Exercise — Given the entries below, would you transcribe exactly the lines starting at the one with "Ανακοίνωση Σεισμού 5.1, 7" and ending at the one with "A letter to", both kept, pictures omitted, nothing extra?

Supplied entries —
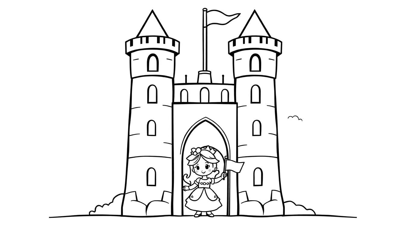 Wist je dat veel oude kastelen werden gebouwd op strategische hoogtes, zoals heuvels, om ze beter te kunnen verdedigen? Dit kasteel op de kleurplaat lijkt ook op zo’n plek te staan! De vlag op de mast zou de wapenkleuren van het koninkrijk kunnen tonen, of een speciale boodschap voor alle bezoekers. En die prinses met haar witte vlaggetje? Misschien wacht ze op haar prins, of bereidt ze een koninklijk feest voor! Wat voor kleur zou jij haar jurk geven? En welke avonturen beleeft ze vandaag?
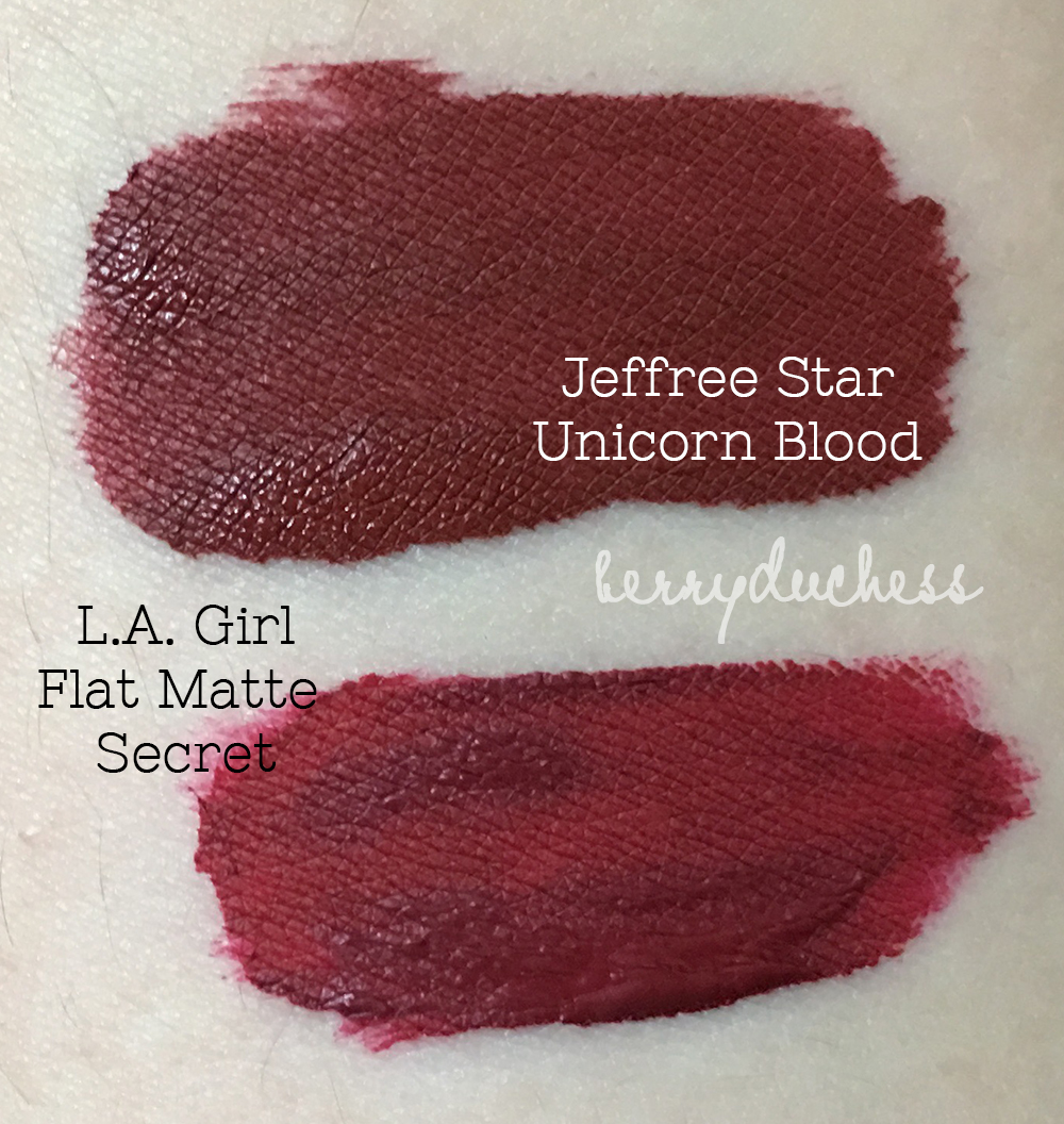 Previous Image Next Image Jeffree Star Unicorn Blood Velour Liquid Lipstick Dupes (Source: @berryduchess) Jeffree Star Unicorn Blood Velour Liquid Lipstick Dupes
---
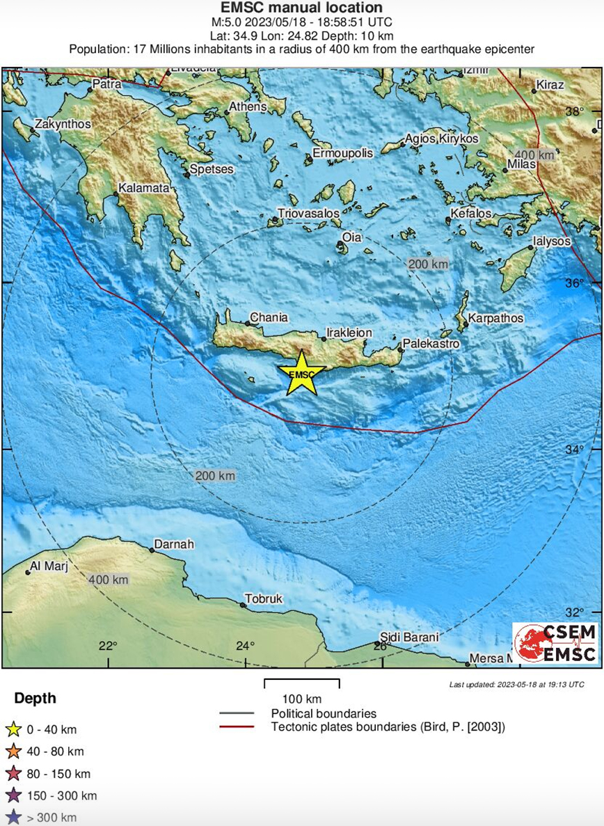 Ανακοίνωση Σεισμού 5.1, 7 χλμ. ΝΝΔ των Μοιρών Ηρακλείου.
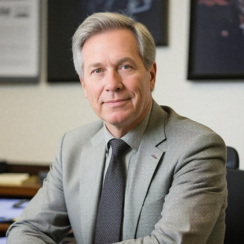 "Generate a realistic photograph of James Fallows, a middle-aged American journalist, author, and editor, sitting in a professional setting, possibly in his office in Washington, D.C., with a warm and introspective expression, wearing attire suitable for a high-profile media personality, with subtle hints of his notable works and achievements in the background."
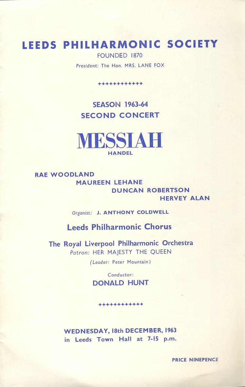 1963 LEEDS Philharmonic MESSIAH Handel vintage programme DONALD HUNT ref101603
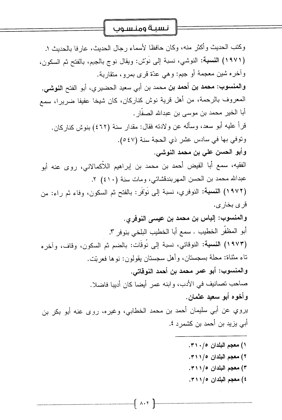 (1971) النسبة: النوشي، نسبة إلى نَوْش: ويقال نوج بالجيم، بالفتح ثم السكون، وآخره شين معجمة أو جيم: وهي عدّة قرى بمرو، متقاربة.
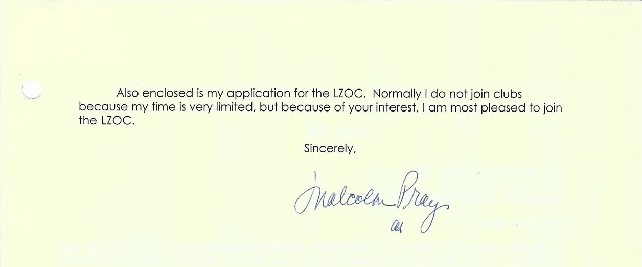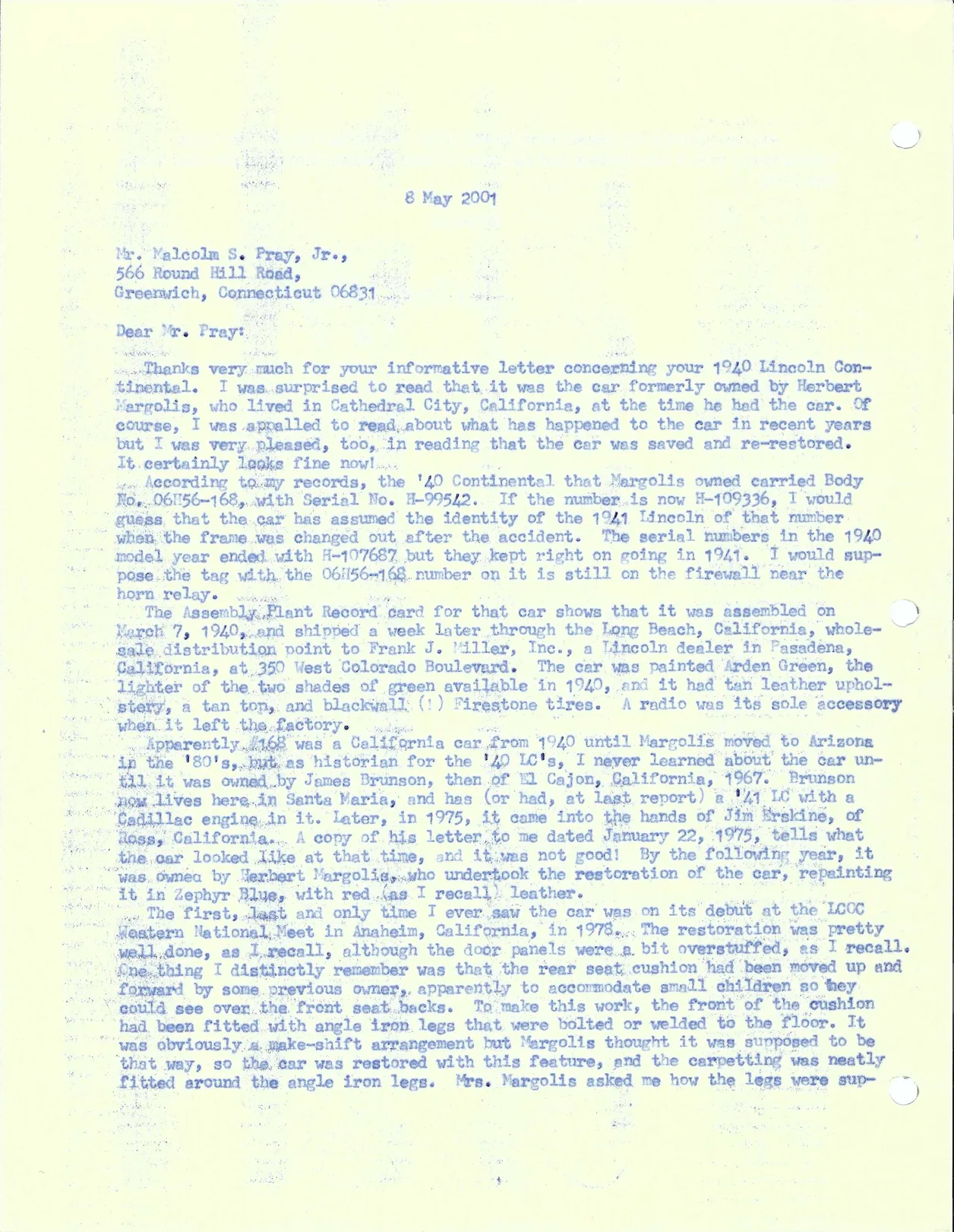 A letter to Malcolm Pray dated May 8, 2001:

Answer to this problem —
 Ανακοίνωση Σεισμού 5.1, 7 χλμ. ΝΝΔ των Μοιρών Ηρακλείου.
 "Generate a realistic photograph of James Fallows, a middle-aged American journalist, author, and editor, sitting in a professional setting, possibly in his office in Washington, D.C., with a warm and introspective expression, wearing attire suitable for a high-profile media personality, with subtle hints of his notable works and achievements in the background."
 1963 LEEDS Philharmonic MESSIAH Handel vintage programme DONALD HUNT ref101603
 (1971) النسبة: النوشي، نسبة إلى نَوْش: ويقال نوج بالجيم، بالفتح ثم السكون، وآخره شين معجمة أو جيم: وهي عدّة قرى بمرو، متقاربة.
 A letter to Malcolm Pray dated May 8, 2001:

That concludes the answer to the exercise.